I first met Jeff in 1966, my first year as a graduate student at Rutgers University, when he was busily engaged in teaching, directing graduate student projects, and serving as Secretary of the Wilson Ornithological Society. I became one of his graduate students and found his level of enthusiasm for teaching and for just talking about birds and ornithology to be wonderfully inspiring. His focus on field ornithology included a liberal share of birding for pleasure and I fondly recall many days scouring New Jersey for migrant birds as well as a winter trip to Massachusetts in search of Snowy Owls and Lapland Longspurs. My fellow graduate students, Jon Greenlaw, James Utter, and Salvatore Bongiorno, went on to either publish with Jeff or complete their doctoral degrees under him. As a junior grad student, I elected to change advisers after Jeff moved to the AEC in 1968.

Jeff's research at Douglass College was field-based. He initiated an ambitious banding program at the Rutgers forest (Hutcheson Memorial Forest) that continued for many years after Jeff left Douglass. He published on various aspects of netting, including construction of aerial nets and frequency of arbovirus infection in netted birds. Jeff had a keen interest in migration and published several reviews of various problems in the study of bird migration. At the time I knew him at Douglass, he was exploring radar ornithology.

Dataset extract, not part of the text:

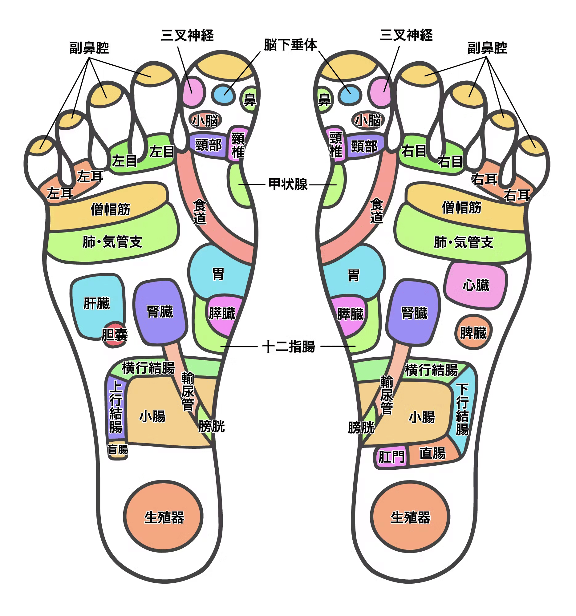 足裏には、全身の内臓や器官とつながる**60〜70個ほどの反射区(ツボ)**があるといわれています。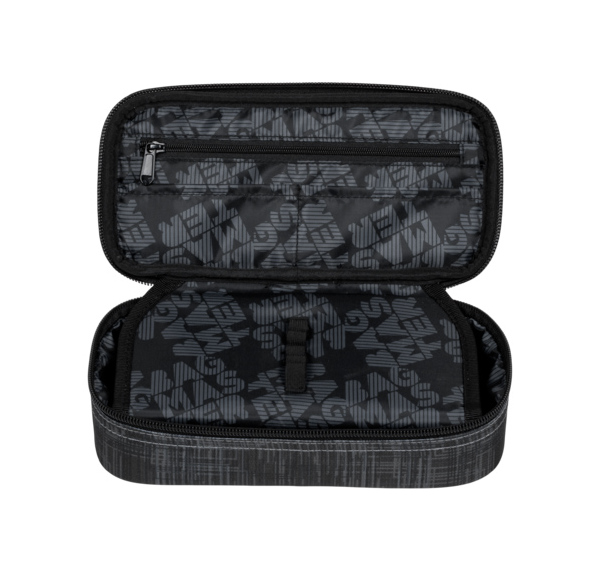 Jednokomorový studentský penál, dvojitá přepážka, spousta gumových úchytů, kapsičky uvnitř penálu.

Jeff's keen interest in birds never wavered. For many years he taught ornithology and led tours for the Smithsonian Institution as part of the its Resident Associate Program. In recent years, he was highly active with the Audubon Naturalist Society of the Central Atlantic States. His skills as a teacher were widely appreciated as he led birding trips and taught a class in “Bird Life” for the Natural History Field Studies program.

Jeff is survived by his wife of 51 years, Jean Swinebroad, by two children, Amy Arnold of Coopersburg, Pennsylvania, and Eric Swinebroad of Brenham, Texas, and by three grandchildren.